• _Exercise data_:
-*-*-

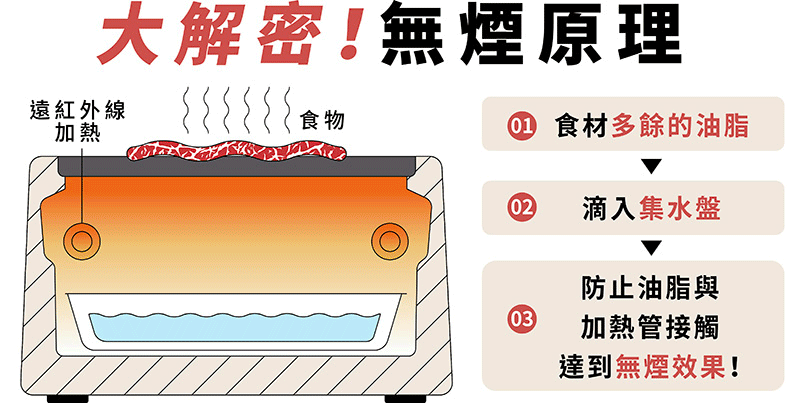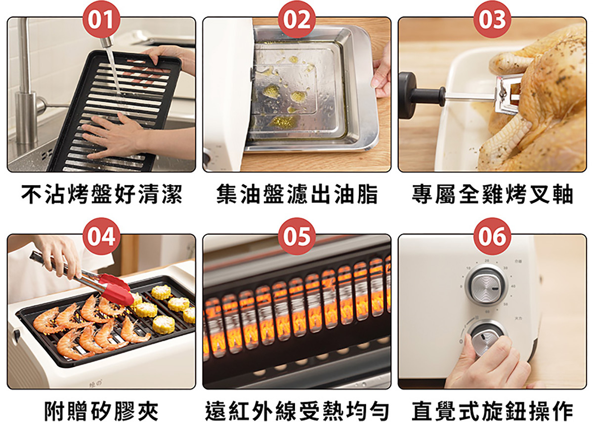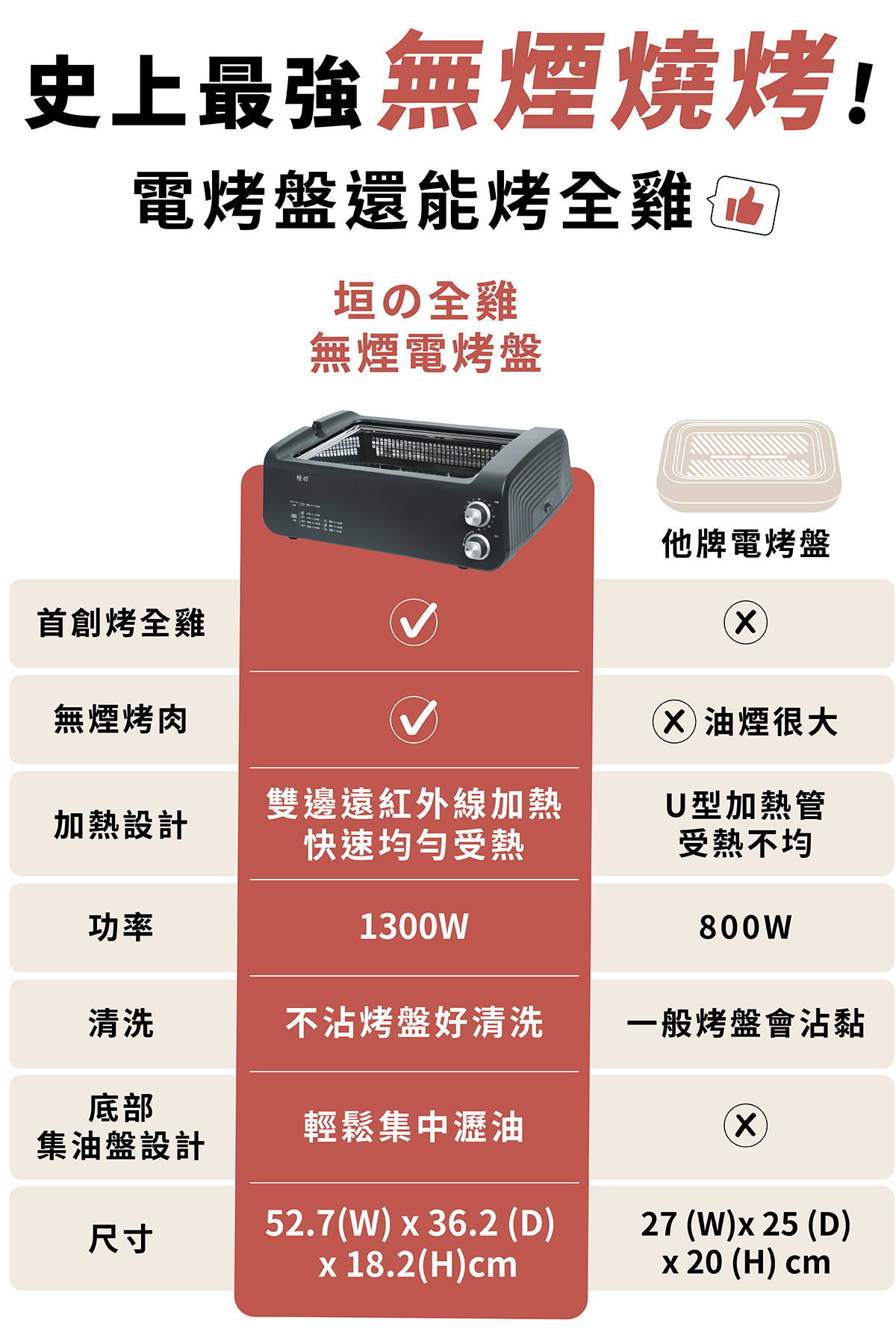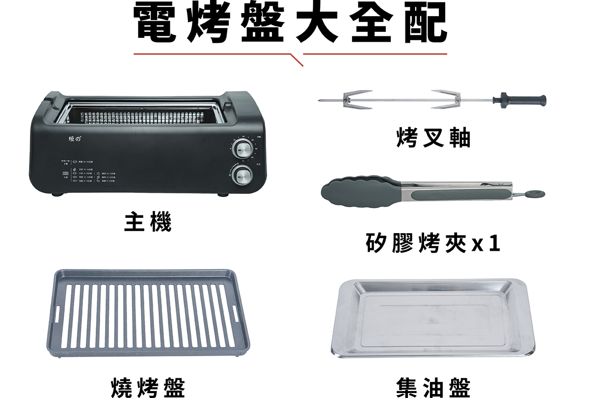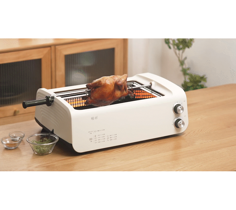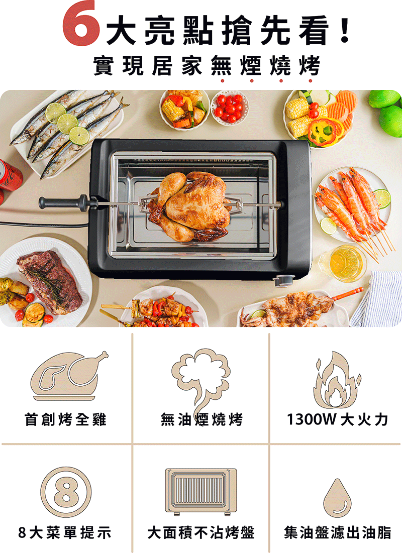 1300W超大火力,360度旋轉烤架,全雞燒烤一機滿足,獨家遠紅外線加熱技術,防油煙的集油盤設計,在家就能享受無煙燒烤!
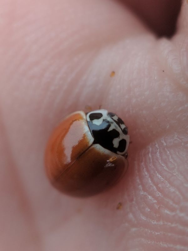Like the high number of common names, there are a high number of ladybug species. In North America, we have over 475 species, and in Vermont we have 42 that have been recorded thus far (35 native, seven introduced). These lady beetles can be found across all terrestrial habitats in Vermont, from valley cornfields to the top of Mt. Mansfield. Between April and May, lady beetles begin to emerge from their hibernation spots. Most lady beetles overwinter as adults in aggregations (groups) in leaf litter, under logs, and sometimes in the bark of standing live and dead trees. When they emerge from their overwintering sites, many species will breed and then migrate to their summer sites or disperse into the immediate area of the overwintering site.
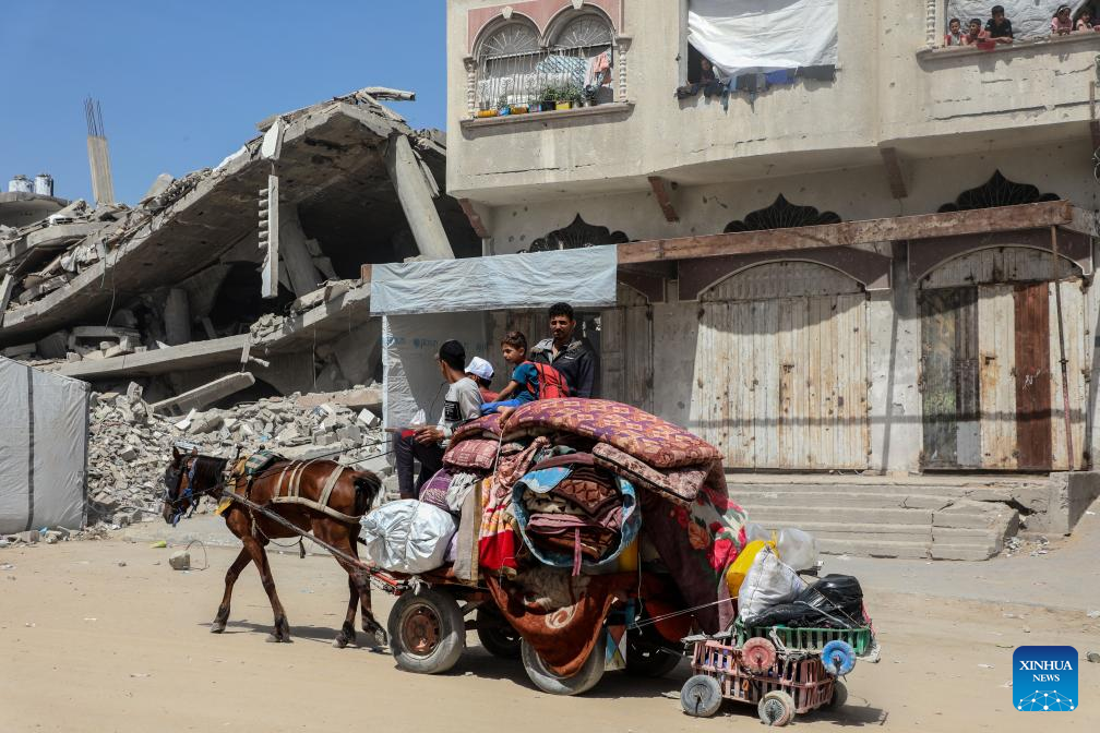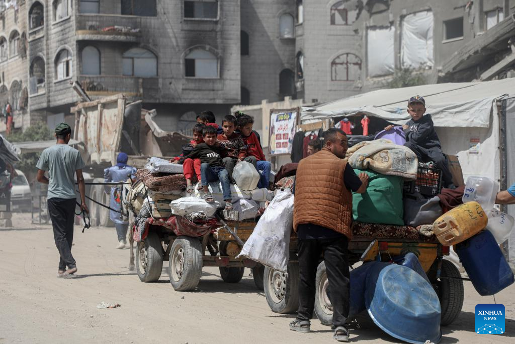 Displaced Palestinians are seen in Gaza City, as they flee with their belongings from Beit Lahia or Jabalia in northern Gaza Strip, on May 16, 2025. (Photo by Rizek Abdeljawad/Xinhua)
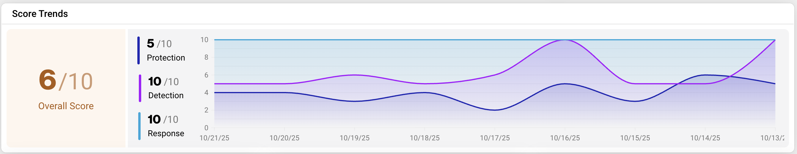 Use this visual to track score fluctuations and identify patterns in your security posture.
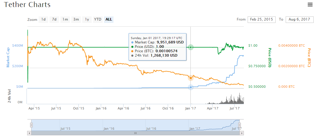 At the start of 2017, the amount of Tethers in circulation stood at around $10M ‘USD’, as can be seen on the CoinMarketCap history.
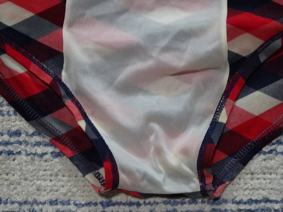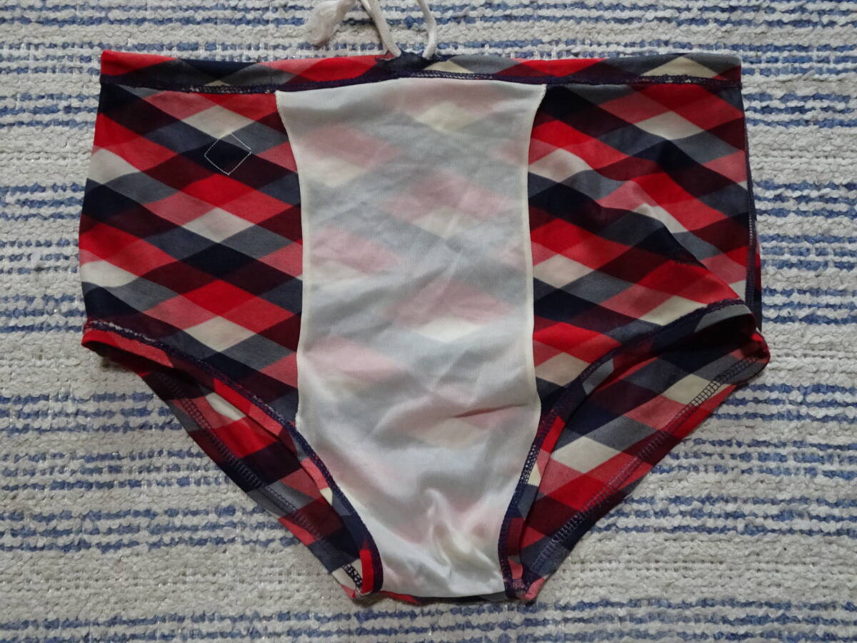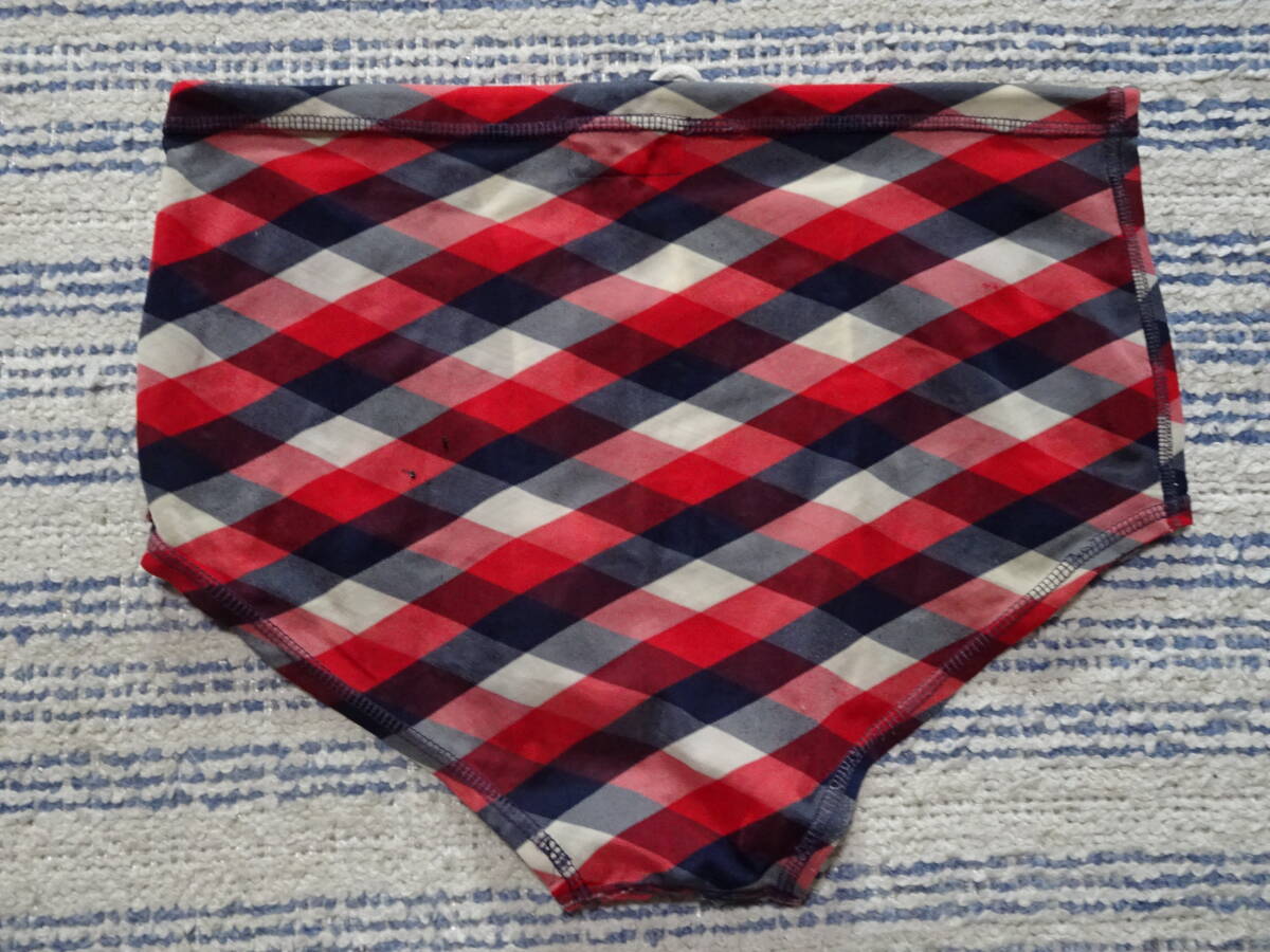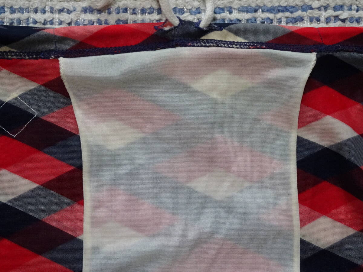 273 MIZUNOミズノ クラッシックスイムパンツ SizeLL レッド×ブラック×ベージュ×ネイビーのブロック格子柄デザイン 中古

-*-*-

Retype the lines exactly. Begin at the one that holds "Use this visual", stop at the last line of the entries above, and drop the pictures.

• _Problem solution_:
 Use this visual to track score fluctuations and identify patterns in your security posture.
 At the start of 2017, the amount of Tethers in circulation stood at around $10M ‘USD’, as can be seen on the CoinMarketCap history.
 273 MIZUNOミズノ クラッシックスイムパンツ SizeLL レッド×ブラック×ベージュ×ネイビーのブロック格子柄デザイン 中古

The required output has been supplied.